A steel kettle weighing 500 g at a temperature of 20 degrees was poured 500 g of hot water

A steel kettle weighing 500 g at a temperature of 20 degrees was poured 500 g of hot water at a temperature of 90 degrees. How will the water temperature in the kettle?

mh = 500 g = 0.5 kg.

mw = 500 g = 0.5 kg.

tch = 20 “С.

tв = 90 “С.

Cst = 500 J / kg * “C.

Cw = 4200 J / kg * “C.

tv “-?

When pouring water, it will give the kettle a certain amount of heat, the kettle will heat up to the temperature tv “, and the kettle will cool down to the temperature tv”.

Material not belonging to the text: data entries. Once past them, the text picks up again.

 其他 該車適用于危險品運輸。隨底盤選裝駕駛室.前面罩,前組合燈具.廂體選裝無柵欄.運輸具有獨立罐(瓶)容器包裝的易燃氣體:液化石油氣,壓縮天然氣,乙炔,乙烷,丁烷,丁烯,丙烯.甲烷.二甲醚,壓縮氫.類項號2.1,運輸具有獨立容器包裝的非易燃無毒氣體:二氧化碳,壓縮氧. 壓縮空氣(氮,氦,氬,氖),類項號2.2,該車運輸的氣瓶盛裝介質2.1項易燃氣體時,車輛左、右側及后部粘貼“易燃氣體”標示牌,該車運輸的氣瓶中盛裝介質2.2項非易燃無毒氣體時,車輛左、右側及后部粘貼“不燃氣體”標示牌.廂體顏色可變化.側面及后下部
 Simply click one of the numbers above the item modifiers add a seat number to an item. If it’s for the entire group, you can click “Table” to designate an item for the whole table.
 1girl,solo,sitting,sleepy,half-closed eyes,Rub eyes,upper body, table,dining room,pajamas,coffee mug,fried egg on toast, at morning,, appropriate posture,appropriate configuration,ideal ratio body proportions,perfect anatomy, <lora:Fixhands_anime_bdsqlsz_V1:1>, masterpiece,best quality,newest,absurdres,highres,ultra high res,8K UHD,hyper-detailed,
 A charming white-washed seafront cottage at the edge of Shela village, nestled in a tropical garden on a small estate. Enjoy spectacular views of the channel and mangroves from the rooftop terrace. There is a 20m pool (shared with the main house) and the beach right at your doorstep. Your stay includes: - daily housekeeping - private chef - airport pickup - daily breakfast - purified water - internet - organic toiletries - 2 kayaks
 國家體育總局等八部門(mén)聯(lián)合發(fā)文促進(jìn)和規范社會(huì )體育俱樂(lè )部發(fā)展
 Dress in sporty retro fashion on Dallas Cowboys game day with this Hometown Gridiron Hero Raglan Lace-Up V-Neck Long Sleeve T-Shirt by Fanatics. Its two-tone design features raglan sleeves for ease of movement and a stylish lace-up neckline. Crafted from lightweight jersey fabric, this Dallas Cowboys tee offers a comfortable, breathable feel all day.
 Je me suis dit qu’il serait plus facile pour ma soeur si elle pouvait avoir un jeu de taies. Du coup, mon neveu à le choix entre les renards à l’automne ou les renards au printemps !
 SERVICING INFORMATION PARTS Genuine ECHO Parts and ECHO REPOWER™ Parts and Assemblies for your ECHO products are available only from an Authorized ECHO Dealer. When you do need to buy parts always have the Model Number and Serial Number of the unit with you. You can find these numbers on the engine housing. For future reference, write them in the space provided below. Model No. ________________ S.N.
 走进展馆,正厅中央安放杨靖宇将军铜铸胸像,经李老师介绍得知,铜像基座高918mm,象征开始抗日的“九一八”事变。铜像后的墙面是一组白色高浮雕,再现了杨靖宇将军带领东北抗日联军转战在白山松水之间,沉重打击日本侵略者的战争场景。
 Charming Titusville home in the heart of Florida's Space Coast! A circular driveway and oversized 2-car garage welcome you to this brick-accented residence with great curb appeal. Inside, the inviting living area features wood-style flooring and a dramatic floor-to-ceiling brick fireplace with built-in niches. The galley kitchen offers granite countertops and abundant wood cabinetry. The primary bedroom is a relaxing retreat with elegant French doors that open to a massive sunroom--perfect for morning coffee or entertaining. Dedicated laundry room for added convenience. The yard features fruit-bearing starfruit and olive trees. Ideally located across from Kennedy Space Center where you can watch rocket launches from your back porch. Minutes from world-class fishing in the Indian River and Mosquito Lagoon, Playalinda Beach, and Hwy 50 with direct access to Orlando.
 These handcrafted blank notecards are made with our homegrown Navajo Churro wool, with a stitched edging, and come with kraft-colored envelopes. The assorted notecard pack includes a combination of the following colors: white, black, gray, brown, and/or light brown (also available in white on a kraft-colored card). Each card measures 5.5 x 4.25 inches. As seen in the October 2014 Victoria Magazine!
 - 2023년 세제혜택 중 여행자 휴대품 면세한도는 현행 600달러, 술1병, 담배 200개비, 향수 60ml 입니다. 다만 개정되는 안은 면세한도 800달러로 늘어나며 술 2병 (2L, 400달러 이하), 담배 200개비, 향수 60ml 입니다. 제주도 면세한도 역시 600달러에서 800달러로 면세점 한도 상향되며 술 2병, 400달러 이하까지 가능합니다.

Let us find the amount of heat Q that the water will give: Qw = Cw * mw * (tv – tw “), where Cw is the specific heat capacity of water, mw is the mass of water.
Let us find the amount of heat Q that the kettle will receive: Qh = Cst * mh * (tv “- tch), where Cst is the specific heat capacity of water, mw is the mass of water.
Let’s write down the heat balance equation: Qw = Qh.
Cw * mw * (tv – tv “) = Cst * mh * (tv” – tch);

Cw * mw * tv – Cw * mw * tv “= Cst * mh * tw” – Cst * mh * tch;

Cw * mw * tv + Cst * mh * tch = Cst * mh * tv “+ Cst * mw * tv”;

Cw * mw * tv + Cst * mh * tch = (Cst * mh + Cw * mw) * tv “;

tv “= (Cw * mw * tv + Cst * mh * th) / (Cst * mh + Cw * mw).

tv “= (4200 J / kg *” C * 0.5 kg * 90 “C + 500 J / kg *” C * 0.5 kg * 20 “C) / (500 J / kg *” C * 0, 5 kg + 4200 J / kg * “C * 0.5 kg) = 82.5” C.

Answer: the water temperature will be set tв “= 82.5” С.